_Instructions for the task:_ Give every line of the data again, unchanged, but with no pictures.

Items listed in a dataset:
*** Block opens ***

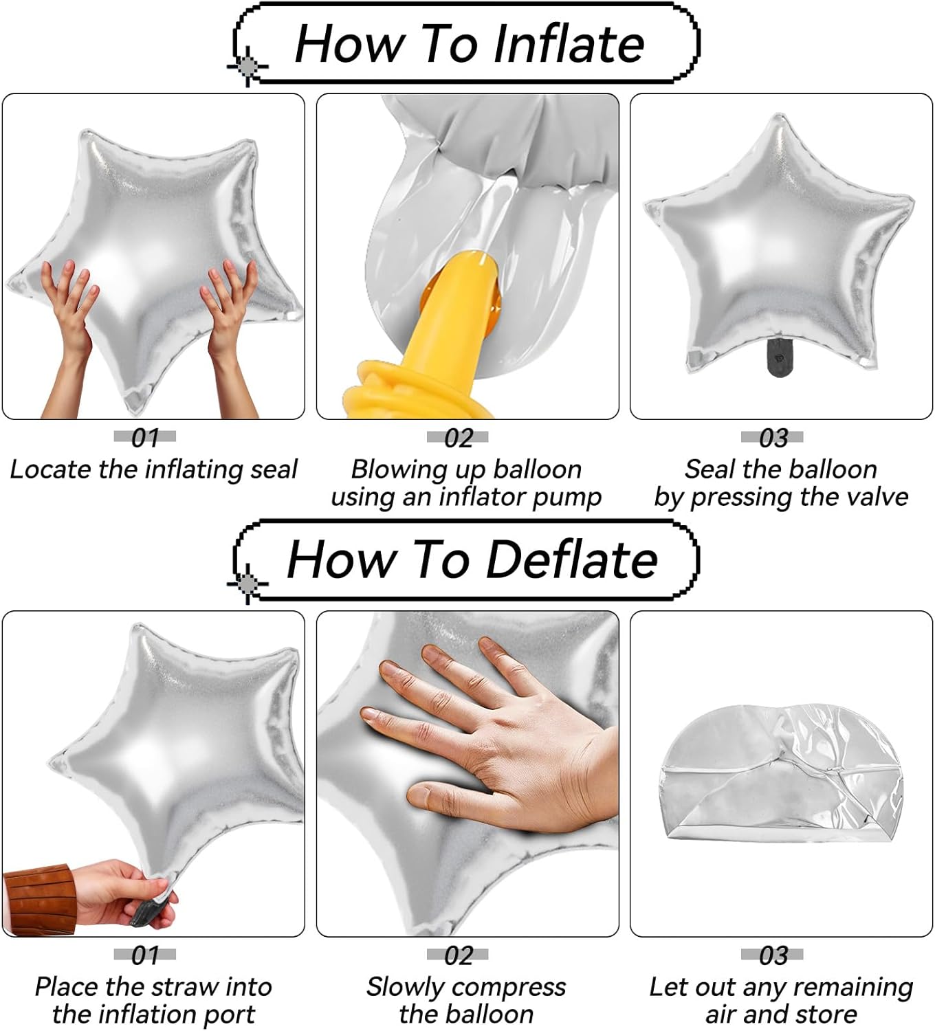 - 【Effortless Setup】Inflate with helium or air using a pump and secure easily for polished decor. These Star Foil balloons are simple to assemble and reusable for multiple events, making decorating quick and effortless.
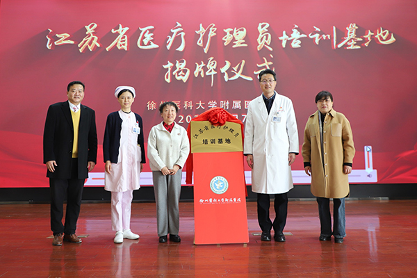 黃淮網(wǎng) 2023年2月7日,徐州醫(yī)科大學(xué)附屬醫(yī)院舉行“江蘇省醫(yī)療護(hù)理員培訓(xùn)”第一期開班儀式暨“江蘇省醫(yī)療護(hù)理員培訓(xùn)基地”揭牌儀式。江蘇省護(hù)理學(xué)會(huì)理事長霍孝蓉、徐州市護(hù)理學(xué)會(huì)理事長夏靜、徐醫(yī)附院副院長燕憲亮、金屯物業(yè)公司總經(jīng)理閆吉平等出席儀式并共同為基地揭牌。
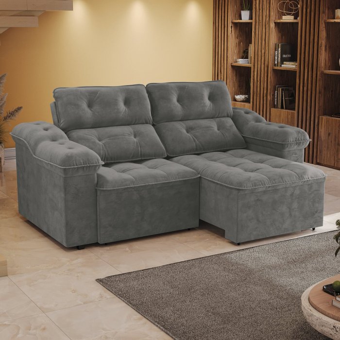 Sofá 2 Lugares 260cm Retrátil e Reclinável Sierra Suede Titânio
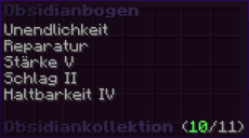Ein präziser Bogen aus Obsidian, der für seine immense Stärke und Zuverlässigkeit bekannt ist. Mit den Verzauberungen Unendlichkeit, Reparatur, Stärke V, Schlag II und Haltbarkeit IV bietet er endlose Munition und maximale Durchschlagskraft – ein unverzichtbares Werkzeug für jeden Schützen.
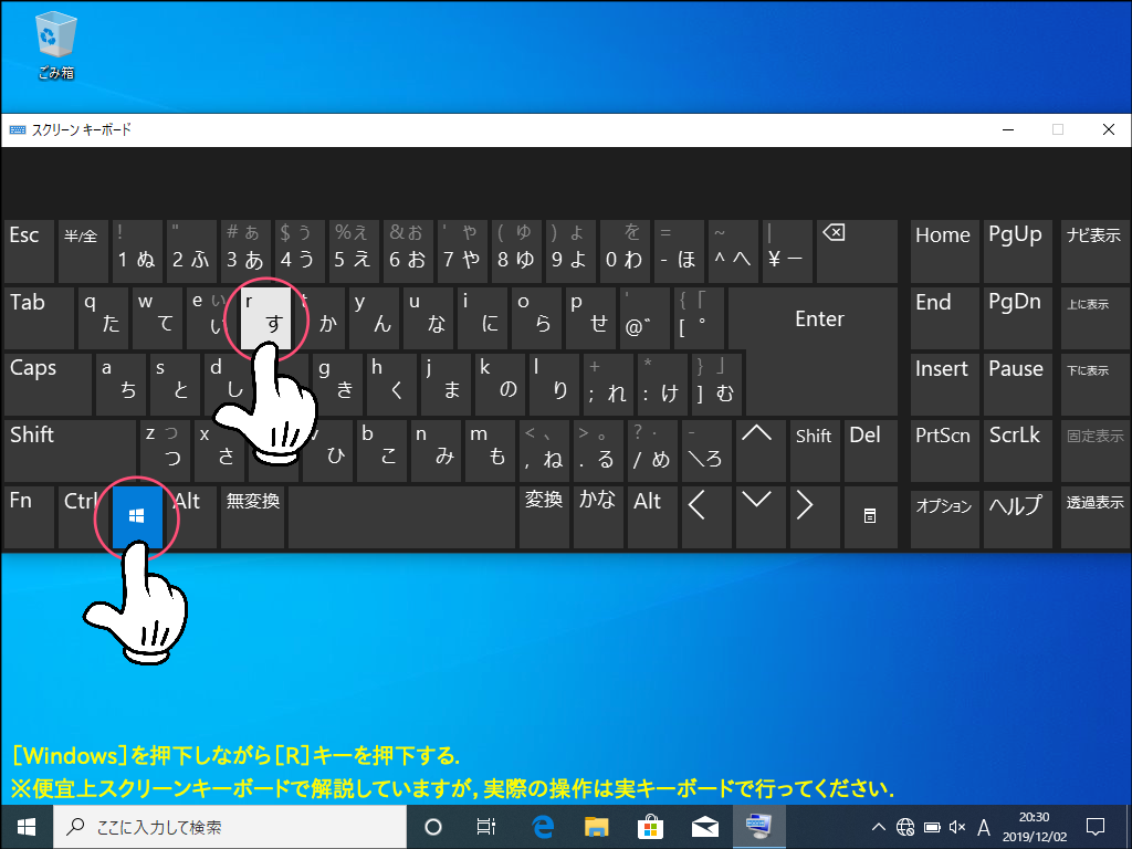 - キーボードの[Windows]キー(Windowsのロゴが印字されたキー)を押下しながら[R]キーを押下します。
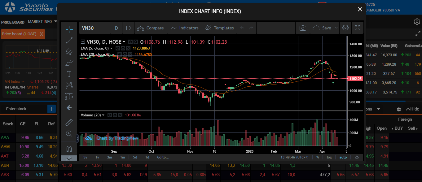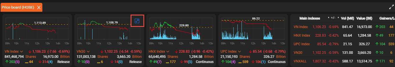 - The “Technical Charts” screen will be opened and displayed for you, and you can choose to view charts of other indices or individual stock code symbols by entering in the search box
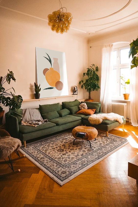 Big plants are the right decor for a simple living room. The big plants in the corner of the room make it look calm and beautiful.
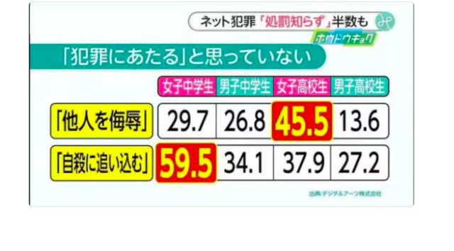 | … | 4426/03/10(火)20:21:17No.1409503038そうだねx1>自殺に追い込むが犯罪だと思ってないが約60%って… |
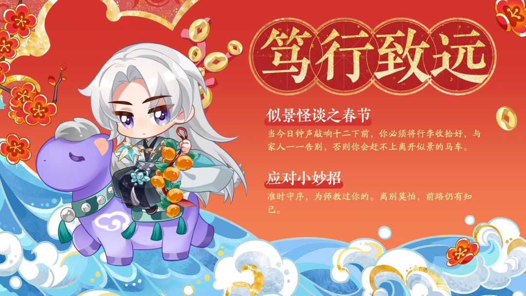 误入似景,结交名士。识别规则,寻路返乡。这一路的麻辣鲜香想必只有学子自己能体会~ 子叶在此恭喜学子们,即将成功在似景世界度过春节!今夜之后便可踏上归途。 是归程,亦是新故事的启程。 💌温馨提示:今日登录游戏,可收到名士的新年来信~
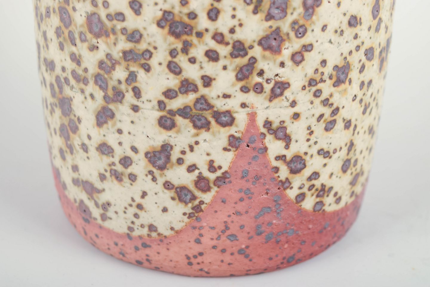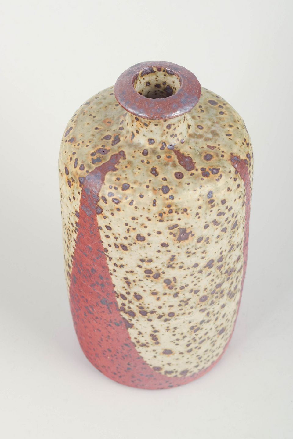 Imponerende hånddrejet stentøjsvase af Rolf Palm, udført i hans atelier i Mölle. Cylindrisk form med let indsnævret hals og karakteristisk, stærkt struktureret overflade. Glasuren er typisk for Palm: en levende, næsten vulkansk tekstur i creme, rød og brune nuancer, der giver dybde og tydelig materialitet.
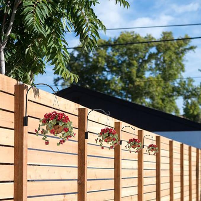 - 4 PACK HOOKS-Our Deck Hook set includes 4 Deck Rail Hooks, you can use it for handling bird feeders,humming bird feeder ,wind chimes,heavy hanging plant/flower baskets,halloween decoration, thanksgiving decoration, christmas decoration etc.It is very sturdy throughout the seasons.
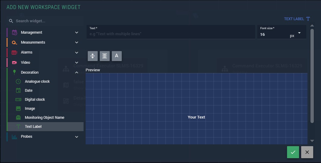 The Text label widget displays a static, user-defined text string in the workspace. It can be used for headings, section dividers, notes, or any other fixed text annotation. Users can customize the font size, font color, and text alignment.
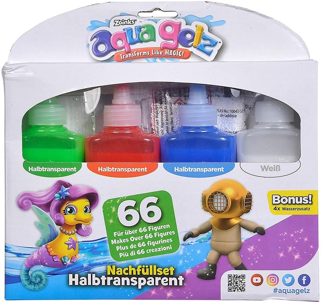 Zestaw uzupełniający z półprzezroczystymi kolorami zawiera 4 butelki żelu kolorowego o pojemności 165ml w kolorach niebieskim, zielonym, czerwonym i białym oraz 4x dodatki do wody.
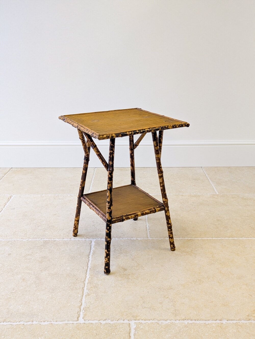 A late Victorian bamboo occasional table of square form, raised on gently splayed legs united by a lower tier and reinforced with typical decorative braces below the tabletop. A good original example with a warm, natural colour and reflecting the Anglo-Japanese influence that shaped the Aesthetic Movement in the closing years of the 19th century.Very good antique condition with only some minor surface wear consistent with age and use. Structurally all in good order, clean and ready to place in the home.
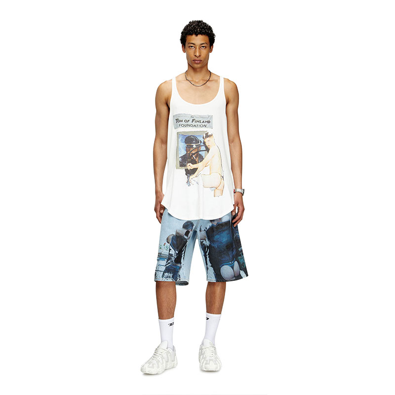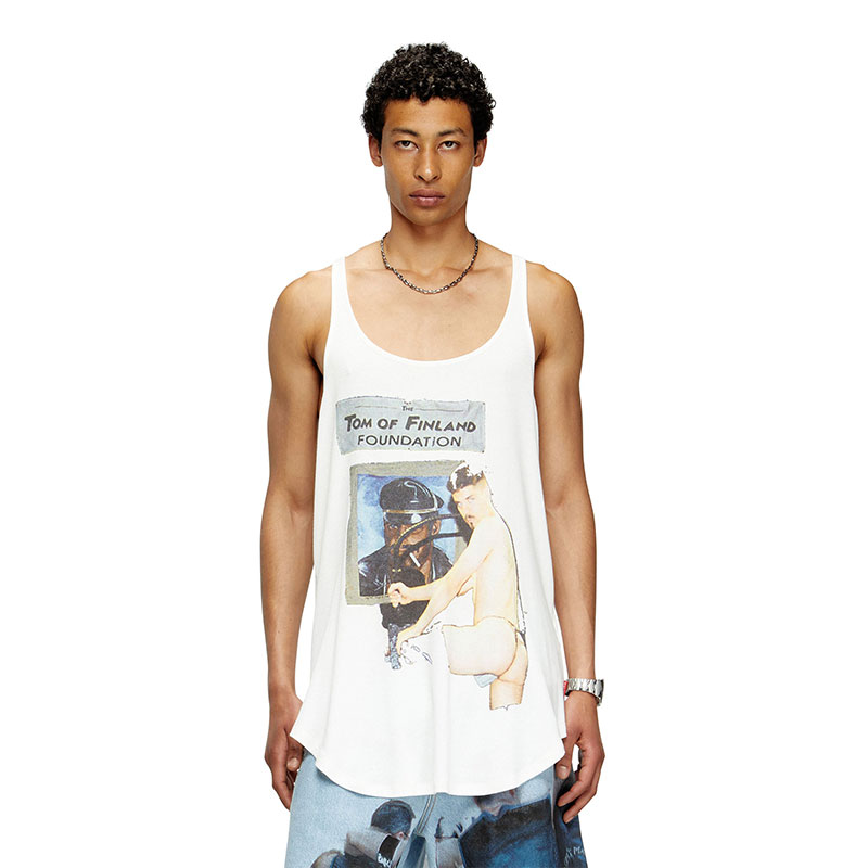 Long tank in lightweight ribbed jersey, cut in a relaxed silhouette with a deep scoop neck and a rounded hemline. Part of a special Pride capsule created in partnership with Tom of Finland Foundation, this genderless top features a printed depiction of artwork selected from the Foundation’s vast collection of queer erotic art, amplifying the importance of self-expression and sexual freedom. Take a closer look at the herringbone tape on the back to see the inspiring message from the Foundation’s legendary namesake artist Tom of Finland.
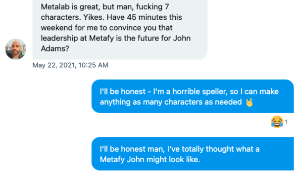 So I applied. And then crossed my arms, tapped my foot, and stared at my inbox for the next 72 hours. Nothing. I didn’t have time for this. So I DM’ed Josh on Twitter, shared some of my work, and said I’d really like to talk. To my delight, he responded and we were on the phone for a quick 30 minute check-in the next day. That 30-minute check-in turned into an hour-and-a-half deep dive and total geeking out about what Metafy is doing now, and will be doing soon. The problems to solve are complicated and incredibly difficult, which is exactly what I want. Josh totally sold me on the vision then, and I remain increasingly more sold on the vision and Josh’s ability to deliver every day since then.
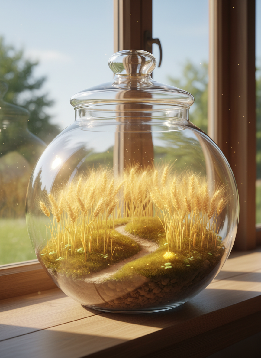 A large glass jar on a windowsill containing a miniature field of soft yellow wheat and lemon-yellow light, tiny paths winding through the landscape inside the vessel, clean daylight, detailed reflections, magical realism
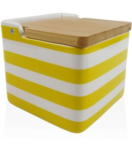 VERSA Portasale con Coperchio Giallo Ceramica Bambù Dolomite Righe 12,2 x 11,5 x 12,2 cm
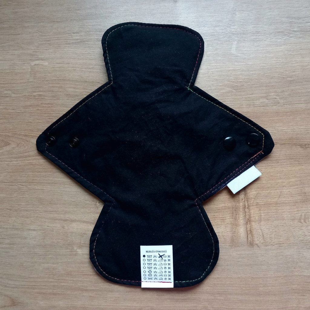 A betétek mintás, varrott oldala néz test felé. Itt található a folyadékelvezető barázda. Az egyszínű oldala a fehérnemű irányába néz. Ajándék dupla sor patenttal van felszerelve, hogy biztosan minden fehérneműdben kényelmesen használni tudd.
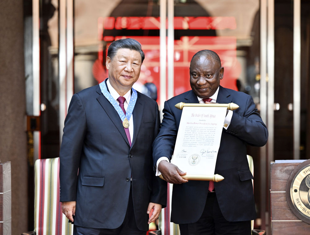 會談後,拉馬福薩向習近平授予“南非勳章”,這是南非授予重要友好國家元首的最高級別勳章和最高榮譽。
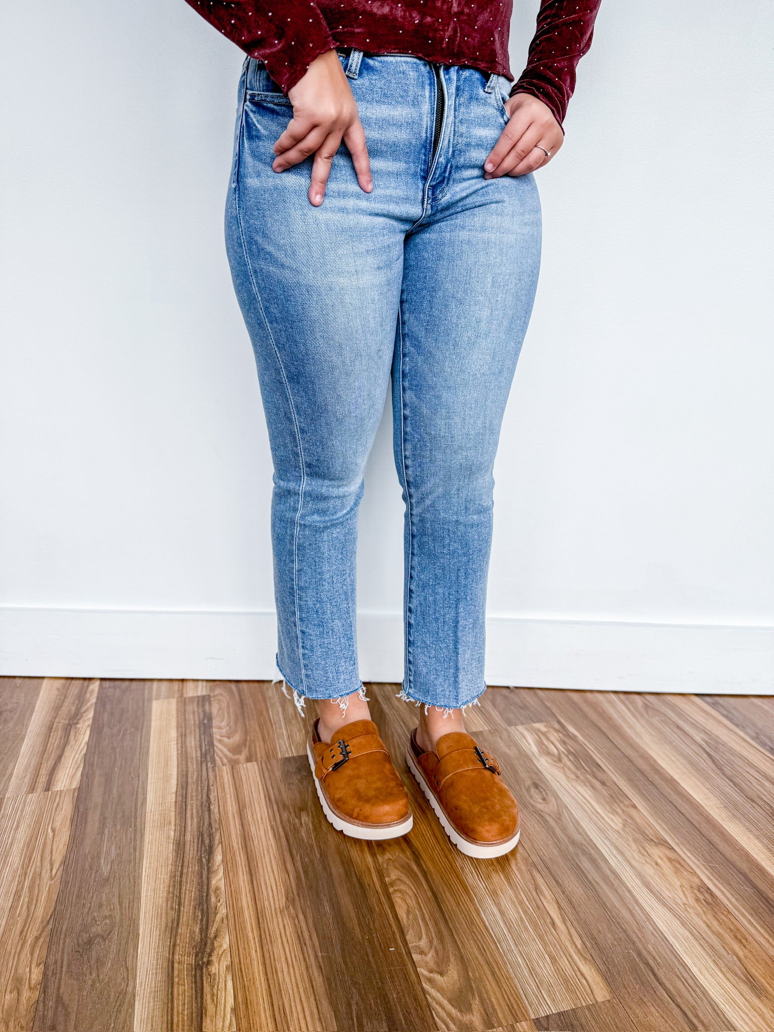 Step into style and comfort with the Flying Monkey High Rise Raw Hem Kick Flare Jeans. Made from comfy stretch denim, these jeans hug your waist with a flattering high rise and feature a trendy raw hem for that effortlessly cool vibe. The cropped length and flared leg opening add a playful twist to your look. With a 10 3/8" rise, 27" inseam, and 17" leg opening, these jeans are perfect for showing off your favorite boots or sneakers while keeping you comfortable all day long.
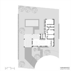 Ubicada al norte de la Ciudad Autónoma de Buenos Aires, esta casa de fin de semana establece un vínculo directo con su patio y entorno natural. Su diseño se organiza a partir de dos módulos intersectados a 90 grados, diferenciando claramente el área pública de la privada.

*** Block closes ***

_Output for this exercise:_
 - 【Effortless Setup】Inflate with helium or air using a pump and secure easily for polished decor. These Star Foil balloons are simple to assemble and reusable for multiple events, making decorating quick and effortless.
 黃淮網(wǎng) 2023年2月7日,徐州醫(yī)科大學(xué)附屬醫(yī)院舉行“江蘇省醫(yī)療護(hù)理員培訓(xùn)”第一期開班儀式暨“江蘇省醫(yī)療護(hù)理員培訓(xùn)基地”揭牌儀式。江蘇省護(hù)理學(xué)會(huì)理事長霍孝蓉、徐州市護(hù)理學(xué)會(huì)理事長夏靜、徐醫(yī)附院副院長燕憲亮、金屯物業(yè)公司總經(jīng)理閆吉平等出席儀式并共同為基地揭牌。
 Sofá 2 Lugares 260cm Retrátil e Reclinável Sierra Suede Titânio
Ein präziser Bogen aus Obsidian, der für seine immense Stärke und Zuverlässigkeit bekannt ist. Mit den Verzauberungen Unendlichkeit, Reparatur, Stärke V, Schlag II und Haltbarkeit IV bietet er endlose Munition und maximale Durchschlagskraft – ein unverzichtbares Werkzeug für jeden Schützen.
 - キーボードの[Windows]キー(Windowsのロゴが印字されたキー)を押下しながら[R]キーを押下します。
 - The “Technical Charts” screen will be opened and displayed for you, and you can choose to view charts of other indices or individual stock code symbols by entering in the search box
 Big plants are the right decor for a simple living room. The big plants in the corner of the room make it look calm and beautiful.
 | … | 4426/03/10(火)20:21:17No.1409503038そうだねx1>自殺に追い込むが犯罪だと思ってないが約60%って… |
 误入似景,结交名士。识别规则,寻路返乡。这一路的麻辣鲜香想必只有学子自己能体会~ 子叶在此恭喜学子们,即将成功在似景世界度过春节!今夜之后便可踏上归途。 是归程,亦是新故事的启程。 💌温馨提示:今日登录游戏,可收到名士的新年来信~
 Imponerende hånddrejet stentøjsvase af Rolf Palm, udført i hans atelier i Mölle. Cylindrisk form med let indsnævret hals og karakteristisk, stærkt struktureret overflade. Glasuren er typisk for Palm: en levende, næsten vulkansk tekstur i creme, rød og brune nuancer, der giver dybde og tydelig materialitet.
 - 4 PACK HOOKS-Our Deck Hook set includes 4 Deck Rail Hooks, you can use it for handling bird feeders,humming bird feeder ,wind chimes,heavy hanging plant/flower baskets,halloween decoration, thanksgiving decoration, christmas decoration etc.It is very sturdy throughout the seasons.
 The Text label widget displays a static, user-defined text string in the workspace. It can be used for headings, section dividers, notes, or any other fixed text annotation. Users can customize the font size, font color, and text alignment.
 Zestaw uzupełniający z półprzezroczystymi kolorami zawiera 4 butelki żelu kolorowego o pojemności 165ml w kolorach niebieskim, zielonym, czerwonym i białym oraz 4x dodatki do wody.
 A late Victorian bamboo occasional table of square form, raised on gently splayed legs united by a lower tier and reinforced with typical decorative braces below the tabletop. A good original example with a warm, natural colour and reflecting the Anglo-Japanese influence that shaped the Aesthetic Movement in the closing years of the 19th century.Very good antique condition with only some minor surface wear consistent with age and use. Structurally all in good order, clean and ready to place in the home.
 Long tank in lightweight ribbed jersey, cut in a relaxed silhouette with a deep scoop neck and a rounded hemline. Part of a special Pride capsule created in partnership with Tom of Finland Foundation, this genderless top features a printed depiction of artwork selected from the Foundation’s vast collection of queer erotic art, amplifying the importance of self-expression and sexual freedom. Take a closer look at the herringbone tape on the back to see the inspiring message from the Foundation’s legendary namesake artist Tom of Finland.
 So I applied. And then crossed my arms, tapped my foot, and stared at my inbox for the next 72 hours. Nothing. I didn’t have time for this. So I DM’ed Josh on Twitter, shared some of my work, and said I’d really like to talk. To my delight, he responded and we were on the phone for a quick 30 minute check-in the next day. That 30-minute check-in turned into an hour-and-a-half deep dive and total geeking out about what Metafy is doing now, and will be doing soon. The problems to solve are complicated and incredibly difficult, which is exactly what I want. Josh totally sold me on the vision then, and I remain increasingly more sold on the vision and Josh’s ability to deliver every day since then.
 A large glass jar on a windowsill containing a miniature field of soft yellow wheat and lemon-yellow light, tiny paths winding through the landscape inside the vessel, clean daylight, detailed reflections, magical realism
 VERSA Portasale con Coperchio Giallo Ceramica Bambù Dolomite Righe 12,2 x 11,5 x 12,2 cm
 A betétek mintás, varrott oldala néz test felé. Itt található a folyadékelvezető barázda. Az egyszínű oldala a fehérnemű irányába néz. Ajándék dupla sor patenttal van felszerelve, hogy biztosan minden fehérneműdben kényelmesen használni tudd.
 會談後,拉馬福薩向習近平授予“南非勳章”,這是南非授予重要友好國家元首的最高級別勳章和最高榮譽。
 Step into style and comfort with the Flying Monkey High Rise Raw Hem Kick Flare Jeans. Made from comfy stretch denim, these jeans hug your waist with a flattering high rise and feature a trendy raw hem for that effortlessly cool vibe. The cropped length and flared leg opening add a playful twist to your look. With a 10 3/8" rise, 27" inseam, and 17" leg opening, these jeans are perfect for showing off your favorite boots or sneakers while keeping you comfortable all day long.
 Ubicada al norte de la Ciudad Autónoma de Buenos Aires, esta casa de fin de semana establece un vínculo directo con su patio y entorno natural. Su diseño se organiza a partir de dos módulos intersectados a 90 grados, diferenciando claramente el área pública de la privada.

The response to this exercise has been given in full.